## Work order
Below is a listing with pictures in it; transcribe exactly the lines from the one that has "Carta da parati foresta di betulle grigia" through the one that has "毛铺 金荞酒 50度 500ml 荞香型 接待 宴请 送礼 自饮", and omit those pictures.

## Exercise materials

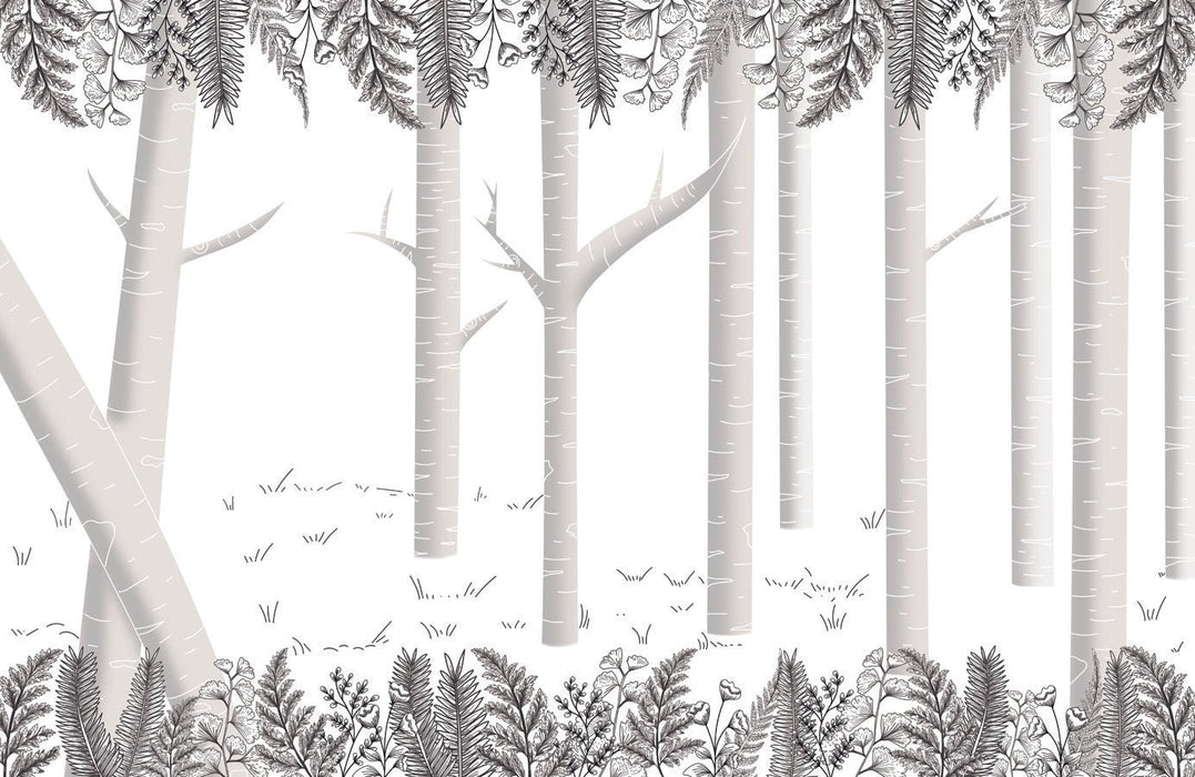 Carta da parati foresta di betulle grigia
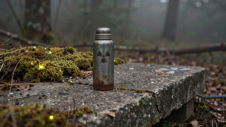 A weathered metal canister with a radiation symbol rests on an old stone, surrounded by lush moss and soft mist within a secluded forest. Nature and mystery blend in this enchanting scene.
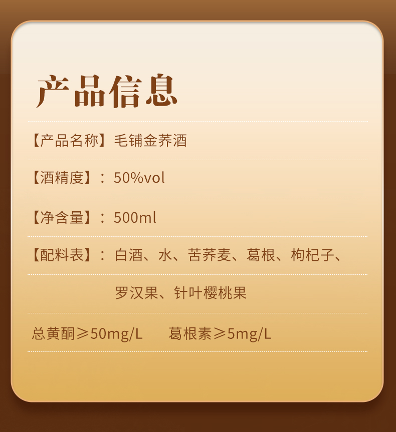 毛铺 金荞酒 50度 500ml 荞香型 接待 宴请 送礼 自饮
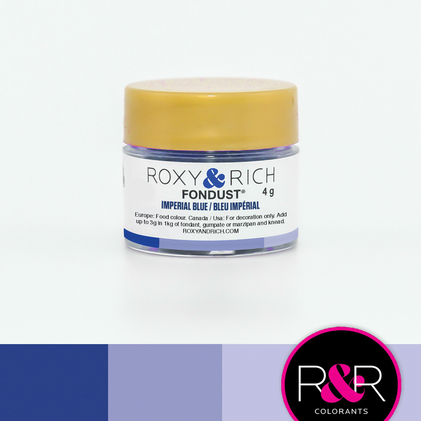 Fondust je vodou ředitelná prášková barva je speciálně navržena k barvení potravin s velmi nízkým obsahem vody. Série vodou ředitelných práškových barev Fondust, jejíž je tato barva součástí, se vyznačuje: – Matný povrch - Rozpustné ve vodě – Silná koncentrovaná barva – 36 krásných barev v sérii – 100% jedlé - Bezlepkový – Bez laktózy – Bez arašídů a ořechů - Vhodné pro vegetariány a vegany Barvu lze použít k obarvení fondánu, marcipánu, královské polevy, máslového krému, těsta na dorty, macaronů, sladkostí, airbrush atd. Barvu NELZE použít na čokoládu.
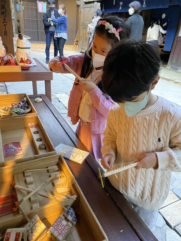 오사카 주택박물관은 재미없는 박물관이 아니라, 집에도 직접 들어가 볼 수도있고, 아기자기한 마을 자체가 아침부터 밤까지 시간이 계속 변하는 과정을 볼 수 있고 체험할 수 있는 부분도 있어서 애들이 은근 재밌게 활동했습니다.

* * *

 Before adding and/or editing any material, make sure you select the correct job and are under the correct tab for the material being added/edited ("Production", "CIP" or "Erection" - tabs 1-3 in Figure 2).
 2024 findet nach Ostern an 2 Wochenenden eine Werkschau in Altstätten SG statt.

## Solution for this problem
 Carta da parati foresta di betulle grigia
 A weathered metal canister with a radiation symbol rests on an old stone, surrounded by lush moss and soft mist within a secluded forest. Nature and mystery blend in this enchanting scene.
 毛铺 金荞酒 50度 500ml 荞香型 接待 宴请 送礼 自饮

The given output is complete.